/---
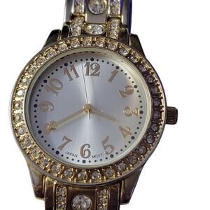 Swifty Style Women Japan Watch Bling Bling Gold Tone Crystal Link Bracelet Band
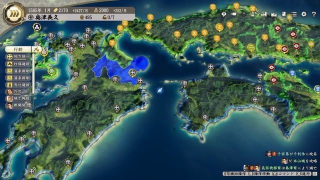 途中、中村城を落とすと島津の攻撃対象になるのでその前に役職を贈って島津と同盟しておくこと。
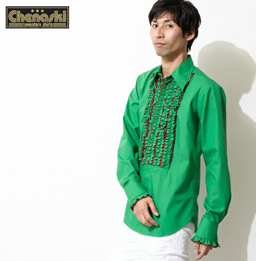 Chenaski フリルシャツ 長袖シャツ 衣装 【送料無料】チェナスキー メンズ モッズ ファッション フリル シャツ 長袖 ロング スリーブ Long Sleeve ダーク グリーン Dark Green レッド フリフリ ゴシック chenaski060 コットン ボタン *m *l プレゼント ギフト クリスマス
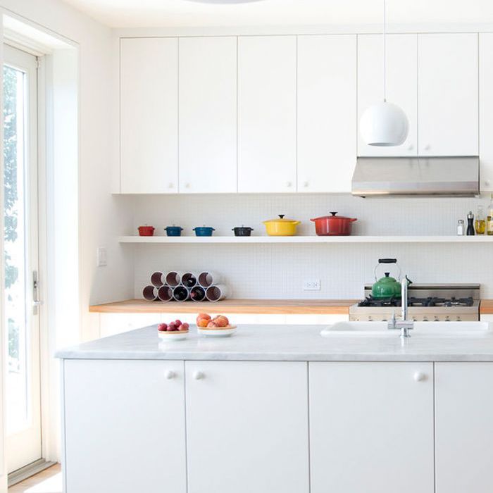 存储是必须的,如果你想保持你的厨房整洁。这种全白的空间提供了充足的橱柜空间,所以只能选择丰富多彩的炊具留在显示器。
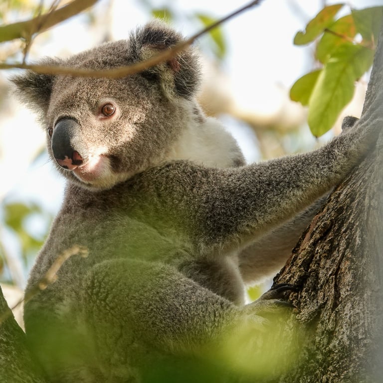 Specially designed halo attachment safely guides koalas without causing stress or injury during rescue operations.
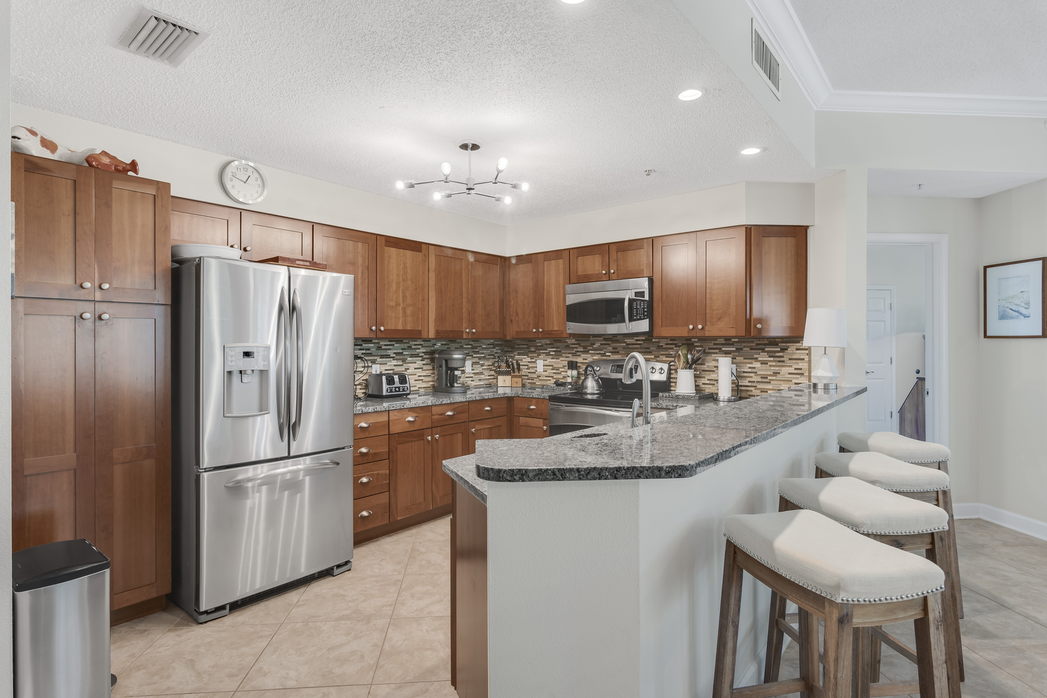🍳 Fully stocked kitchen (stainless + granite)
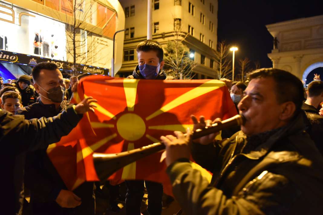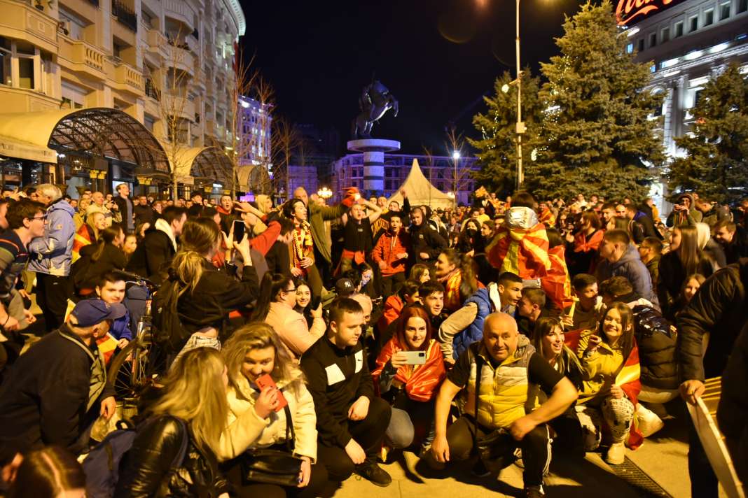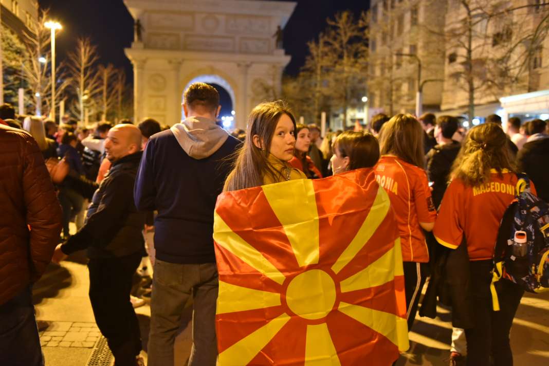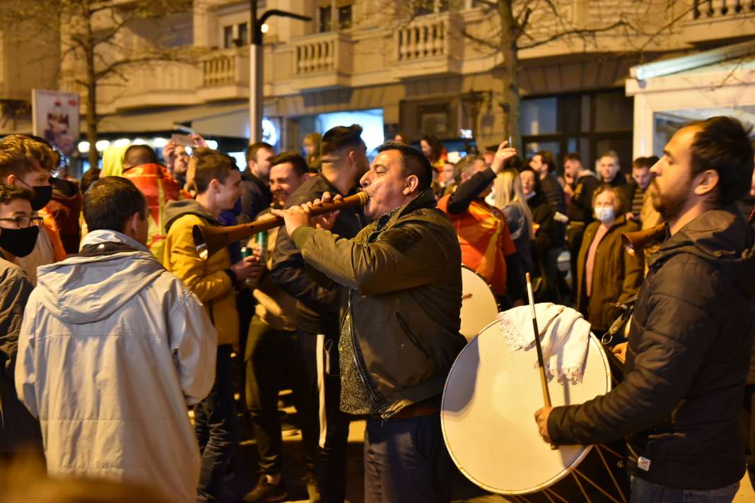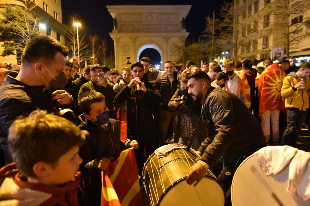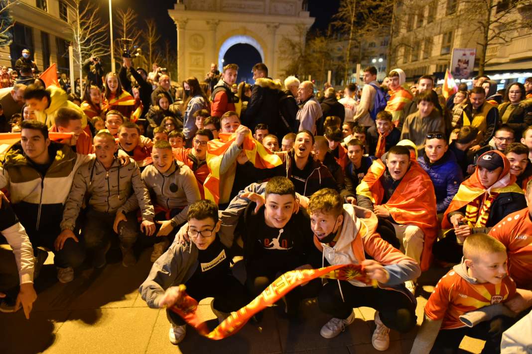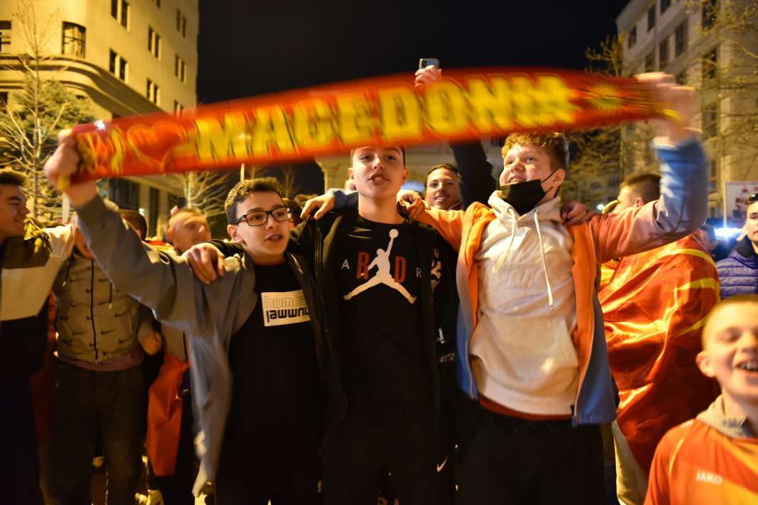 Автобусот со македонските фудбалери помина низ Порта Македонија за да стигне пред љубителите на спортот кои со песни и знамиња го славеа триумфот над актуелниот европски првак Италија, додека се слушаа и зурли и тапани.
\---
### WHAT TO PRODUCE
Only the lines from the one containing "Chenaski フリルシャツ 長袖シャツ" through the final line of the data are to be written out, exactly as they stand and without pictures.

### WRITTEN ANSWER
 Chenaski フリルシャツ 長袖シャツ 衣装 【送料無料】チェナスキー メンズ モッズ ファッション フリル シャツ 長袖 ロング スリーブ Long Sleeve ダーク グリーン Dark Green レッド フリフリ ゴシック chenaski060 コットン ボタン *m *l プレゼント ギフト クリスマス
 存储是必须的,如果你想保持你的厨房整洁。这种全白的空间提供了充足的橱柜空间,所以只能选择丰富多彩的炊具留在显示器。
 Specially designed halo attachment safely guides koalas without causing stress or injury during rescue operations.
🍳 Fully stocked kitchen (stainless + granite)
 Автобусот со македонските фудбалери помина низ Порта Македонија за да стигне пред љубителите на спортот кои со песни и знамиња го славеа триумфот над актуелниот европски првак Италија, додека се слушаа и зурли и тапани.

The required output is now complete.